Event
Mathematical Biology seminar: "Making Bayesian phylogenetics like training a neural network"
Erick Matsen (Fred Hutchinson Cancer Research Center)
Bayesian posterior distributions on phylogenetic trees remain difficult to sample despite decades of effort. The complex discrete and continuous model structure of trees means that recent inference methods developed for Euclidean space are not easily applicable to the phylogenetic case. Thus, we are left with random-walk Markov Chain Monte Carlo (MCMC) with uninformed tree modification proposals; these traverse tree space slowly because phylogenetic posteriors are concentrated on a small fraction of the very many possible trees.
In this talk, I will describe our wild adventure developing efficient alternatives to random-walk MCMC, which has concluded successfully with the development of a variational Bayes formulation of Bayesian phylogenetics.
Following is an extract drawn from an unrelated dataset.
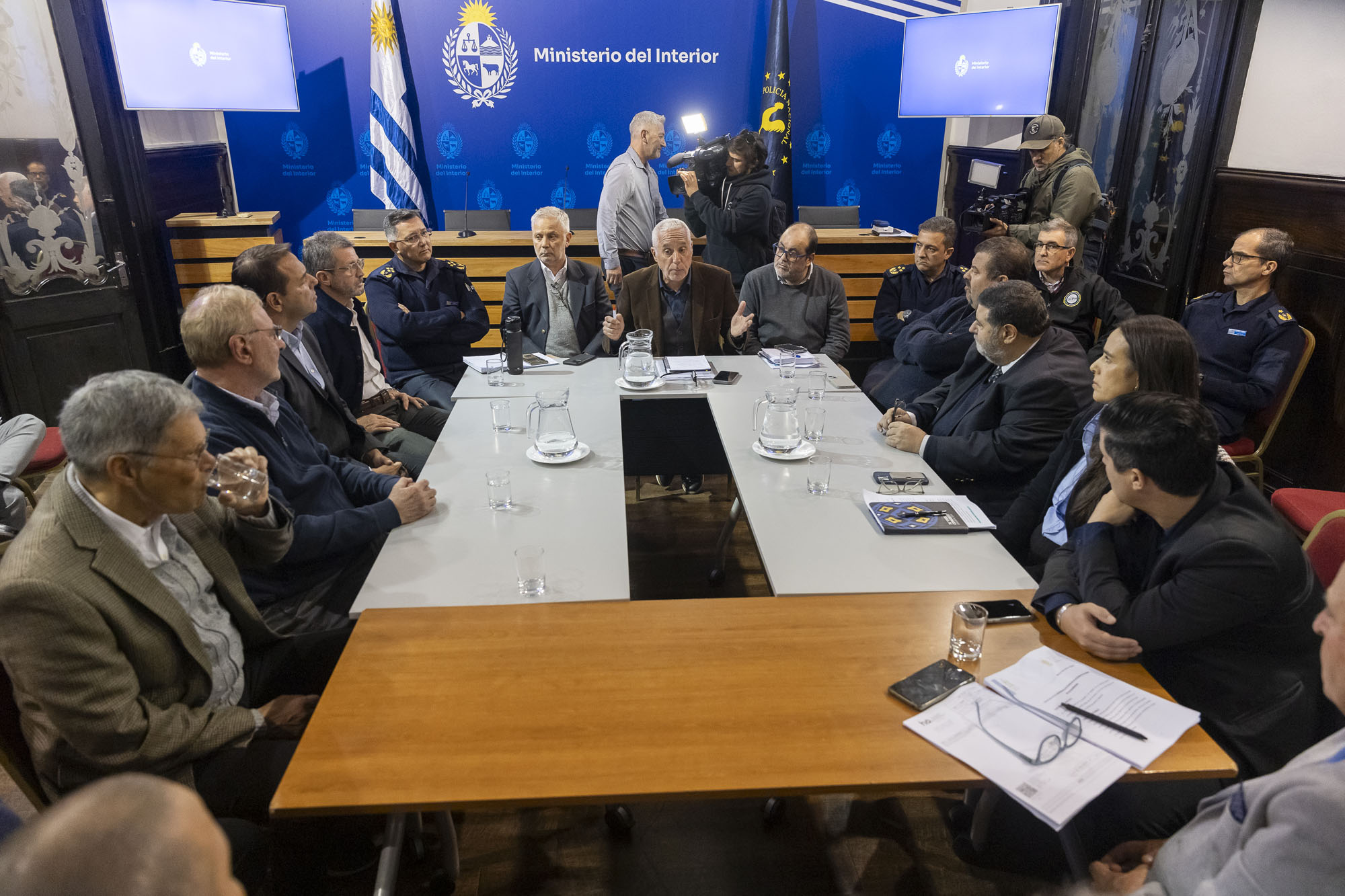 El ministro del Interior, Carlos Negro, reunido, el 9 de julio, con autoridades de la AUF y de los clubes Nacional y Peñarol, por los incidentes en el pasado clásico.

This formulation leverages a "factorization" of phylogenetic posterior distributions that we show is rich enough to capture the shape of posteriors inferred from real data. Our proof-of-concept implementation of variational inference using this method gives very promising results, and I will describe our ongoing efforts to develop an efficient implementation that integrates with modern modeling frameworks.
This line of work was started by Cheng Zhang (now faculty at Peking University) when he was in my group; ongoing work is by Michael Karcher, Seong-Hwan Jun, Andy Magee, and Mathieu Fourment (University of Tech, Sydney).